13 Types of Contracts (6 of 8)
Contract Enforceability: Valid: A contract with agreement, consideration, contractual capacity, form, and legality. Voidable: A valid contract that can be legally avoided, canceled, or annulled by one of the parties. 

14 Types of Contracts (7 of 8)
Contract Enforceability: Unenforceable: An otherwise valid contract that is rendered unenforceable by some statute or law. Void: A contract with no legal or binding effect.

15 Types of Contracts (8 of 8)

16 §4: Quasi Contracts (1 of 2)
Quasi contracts (or contracts implied in law) are fictional contracts that the courts impose on the parties “as if” the parties had entered into an actual contract. Quasi contracts are imposed in the interest of fairness and justice. CASE in Point Seawest Services Ass’n v. Copenhaver (2012).

17 Quasi Contracts (2 of 2) Limitations on Quasi-Contractual Remedy: The enriched party is not held liable in certain situations. When an actual contract exists that covers the matter in controversy, the doctrine of quasi contract generally cannot be used.
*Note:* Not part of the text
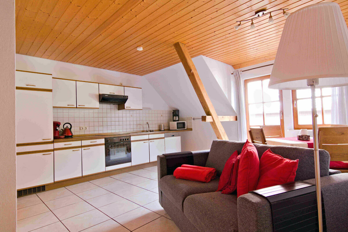 - Wohnküche mit Küchenzeile, Esstisch, Stühlen, Ecke mit Couch, Sessel und TV

18 §5: Interpretation of Contracts (1 of 7)
Plain language laws have helped to alleviate disputes on the legal meaning and effect of a contract. “Plain Meaning” Rule: A court will enforce a contract according to its obvious terms when it is clear and unequivocal. 

19 Interpretation of Contracts (2 of 7)
Ambiguity: A contract is unclear or ambiguous when: The parties’ intent cannot be determined from the contract’s language. The contract lacks a provision on a disputed term. A term is susceptible to more than one interpretation. When there is uncertainty about a provision.
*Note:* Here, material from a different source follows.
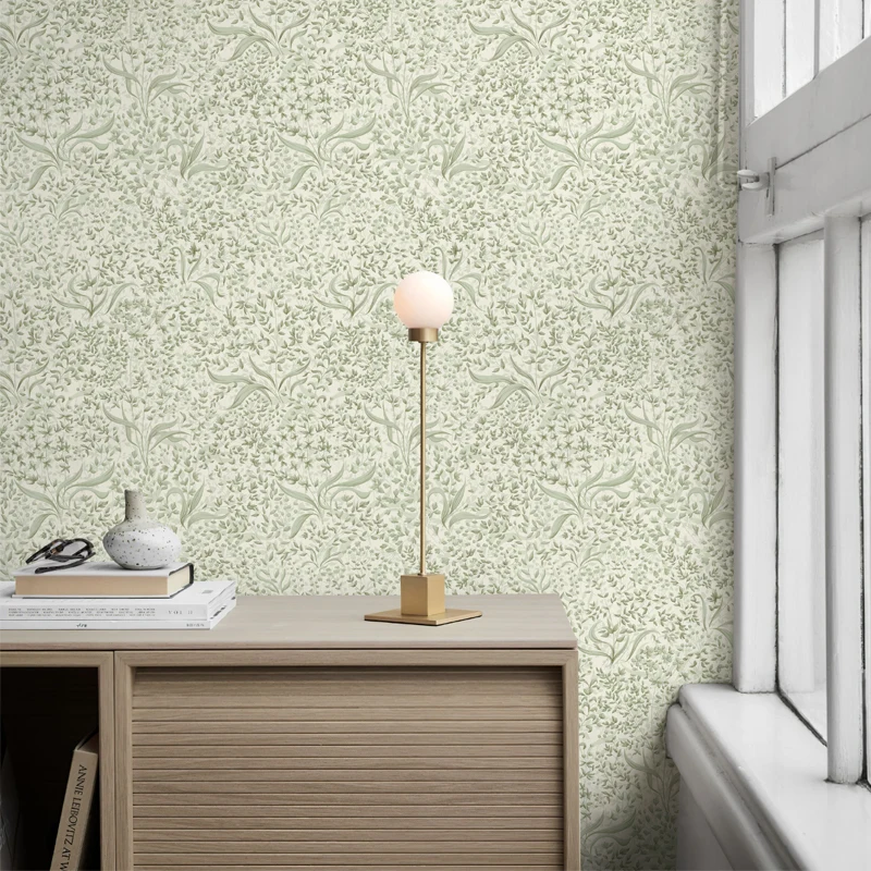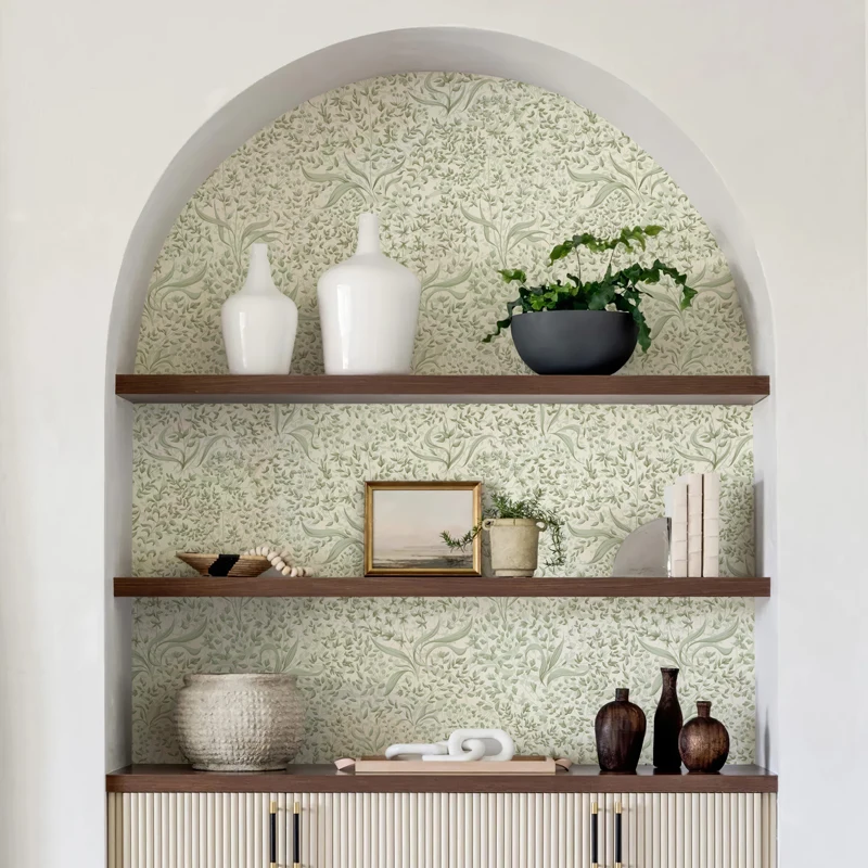 2. Apply Peel-Stick Wallpaper to the wall, beginning in the corner. (Do not peel all the backing all at once, peel off a few inches at a time, slowly stick it to the wall, and then continue to peel off a little more)

20 Interpretation of Contracts (3 of 7)
Extrinsic Evidence: A court may interpret ambiguous terms against the party who drafted the term, or consider extrinsic evidence. When a contract is clear and unambiguous, a court cannot consider extrinsic evidence. CASE Wagner v. Columbia Pictures Industries, Inc. (2004).
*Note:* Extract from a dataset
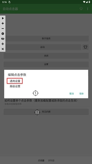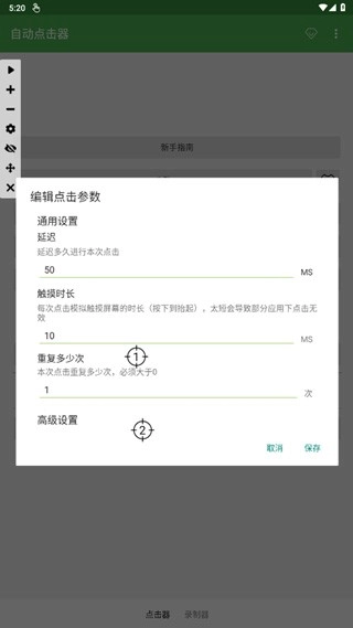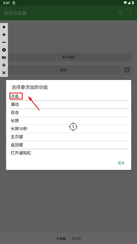 1、打开自动连点器,然后长按屏幕中间的位置点。
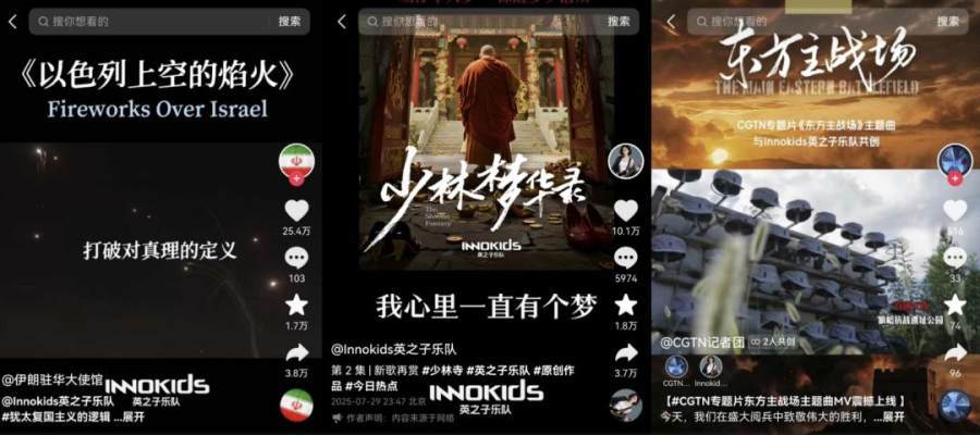 “早点谈统一确实从容又游刃有余,‘台独’的后果只能是连滚带爬去”,由Innokids英之子乐队重新填词二创后的女音吉他版本,更是引得官媒自发传播,中国新闻网、中国台湾网、新华社、人民日报等官媒纷纷下场转发。

21 Interpretation of Contracts (4 of 7)
Other Rules of Interpretation: A reasonable, lawful, and effective meaning will be given to all of a contract’s terms as much as possible. Contracts are interpreted as a whole. Terms that are negotiated separately are given greater weight than standardized terms. 

22 Interpretation of Contracts (5 of 7)
Other Rules of Interpretation: Words will be given their ordinary, commonly accepted meanings. Specific wording given greater weight than general language. Written or typewritten given greater weight than preprinted. 

23 Interpretation of Contracts (6 of 7)
Other Rules of Interpretation: Ambiguous terms will be interpreted against the drafter. Trade usage, prior dealing, and course of performance can be used to clarify the contract. 

24 Interpretation of Contracts (7 of 7)
Other Rules of Interpretation: Express terms are given the greatest weight, followed by course of performance, course of dealing, and custom and usage of trade—in that order.